Indisputably, this is a step forward. But in June 2017 – more than a year since the EU referendum – it is all too little, too late. 

“EU citizens are valued members of their communities here, and we know that UK nationals abroad are viewed in the same way by their host countries.”

These are words the UK’s EU citizens needed to hear a year ago, when they woke up in a country that had just voted Leave, after a referendum campaign that every week felt more focused on immigration.

“EU citizens who came to the UK before the EU Referendum, and before the formal Article 50 process for exiting the EU was triggered, came on the basis that they would be able to settle permanently, if they were able to build a life here. We recognise the need to honour that expectation.”

A year later, after the UK’s Europeans have experienced rising abuse and hate crime, many have left as a result and the ones who chose to stay and apply for permanent residency have seen their applications returned with a letter asking them to “prepare to leave the country”, these words seem dubious at best.

To any EU citizen whose life has been suspended for the past year, this is the very least the British government could offer. It would have sounded a much more sincere offer a year ago.

And it almost happened then: an editorial in the Evening Standard reported last week that Theresa May, then David Cameron’s home secretary, was the reason it didn’t. “Last June, in the days immediately after the referendum, David Cameron wanted to reassure EU citizens they would be allowed to stay,” the editorial reads. “All his Cabinet agreed with that unilateral offer, except his Home Secretary, Mrs May, who insisted on blocking it.” 

"They will need to apply to the Home Office for permission to stay, which will be evidenced through a residence document. This will be a legal requirement but there is also an important practical reason for this. The residence document will enable EU citizens (and their families) living in the UK to demonstrate to third parties (such as employers or providers of public services) that they have permission to continue to live and work legally in the UK."

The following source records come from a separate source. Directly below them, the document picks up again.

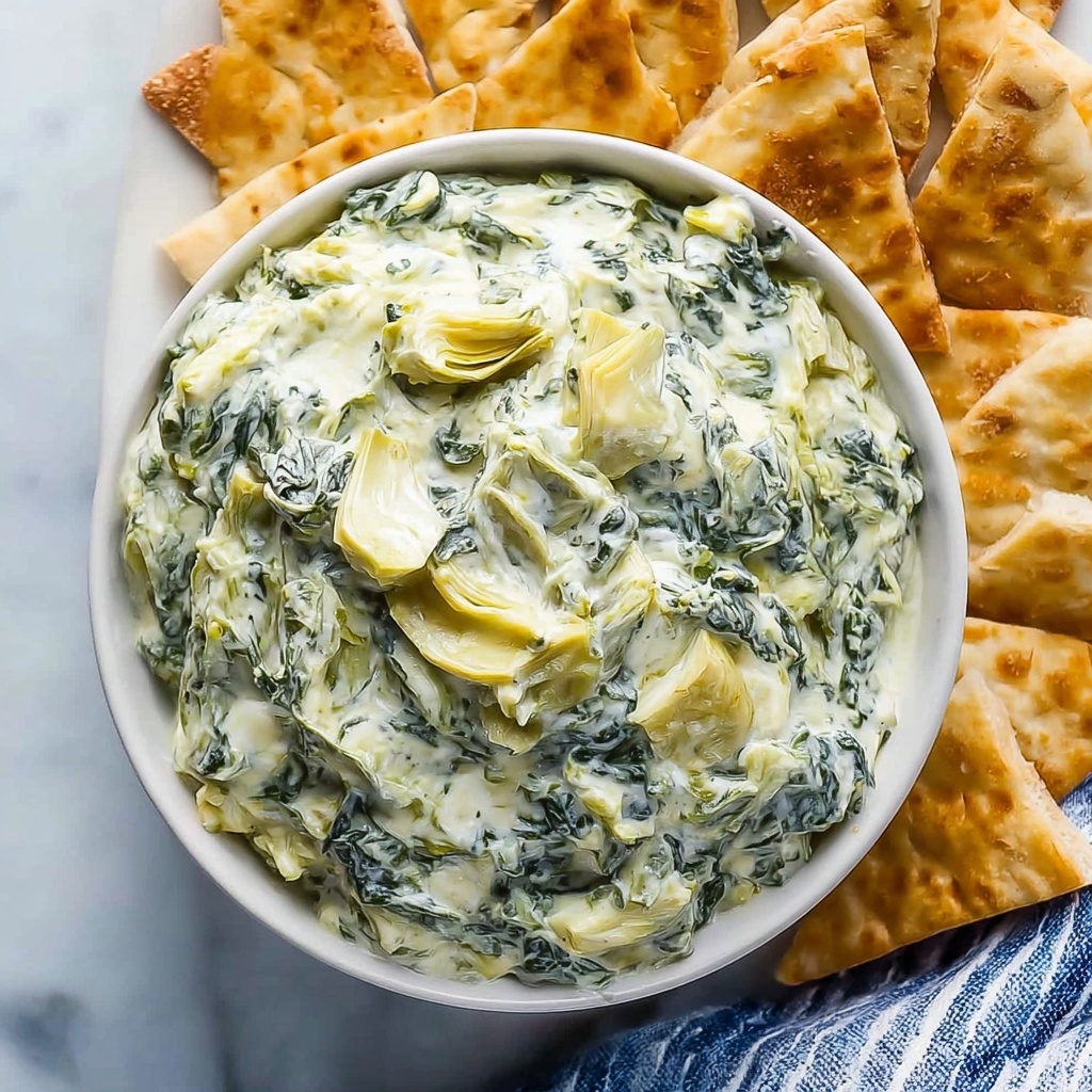 For a festive look, serve your dip in a hollowed-out bread bowl or individual mini bowls to make it easy for guests to dig in. You can also layer it in a clear glass dish with alternating layers of spinach and artichoke for a visually stunning effect that builds anticipation before tasting.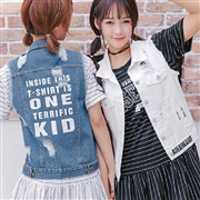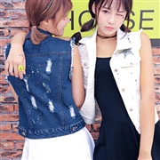 印花破洞牛仔馬甲背心 [外套] [牛仔褸] #1-白色 #2-藍色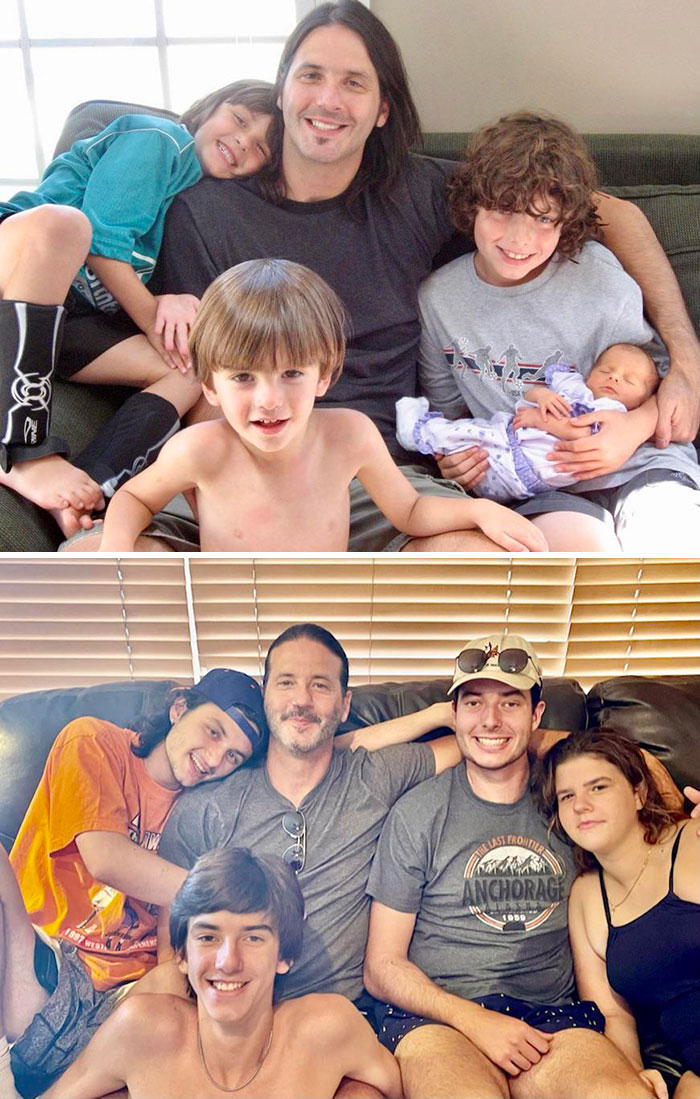 Отец семейства выглядит так, словно за прошедшие 14 лет он постарел на 2 месяца.

The government’s offer lacks details in the measures it introduces – namely, how it will implement the registration and allocation of a special ID card for 3 million individuals. This “residence document” will be “a legal requirement” and will “demonstrate to third parties” that EU citizens have “permission to continue to live and work legally in the UK.” It will grant individuals ““settled status” in UK law (indefinite leave to remain pursuant to the Immigration Act 1971)”.

The government has no reliable figure for the EU citizens living in the UK (3 million is an estimation). Even “modernised and kept as smooth as possible”, the administrative procedure may take a while. The Migration Observatory puts the figure at 140 years assuming current procedures are followed; let’s be optimistic and divide by 10, thanks to modernisation. That’s still 14 years, which is an awful lot.

To qualify to receive the settled status, an individual must have been resident in the UK for five years before a specified (although unspecified by the government at this time) date. Those who have not been a continuous UK resident for that long will have to apply for temporary status until they have reached the five years figure, to become eligible to apply for settled status.

That’s an application to be temporarily eligible to apply to be allowed to stay in the UK. Both applications for which the lengths of procedure remain unknown.

Will EU citizens awaiting for their temporary status be able to leave the country before they are registered? Before they have been here five years? How individuals will prove their continuous employment or housing is undisclosed – what about people working freelance? Lodgers? Will proof of housing or employment be enough, or will both be needed?

Among the many other practicalities the government’s offer does not detail is the cost of such a scheme, although it promises to “set fees at a reasonable level” – which means it will definitely not be free to be an EU citizen in the UK (before Brexit, it definitely was.)

And the new ID will replace any previous status held by EU citizens, which means even holders of permanent citizenship will have to reapply.

Remember that 140 years figure? Doesn’t sound so crazy now, does it?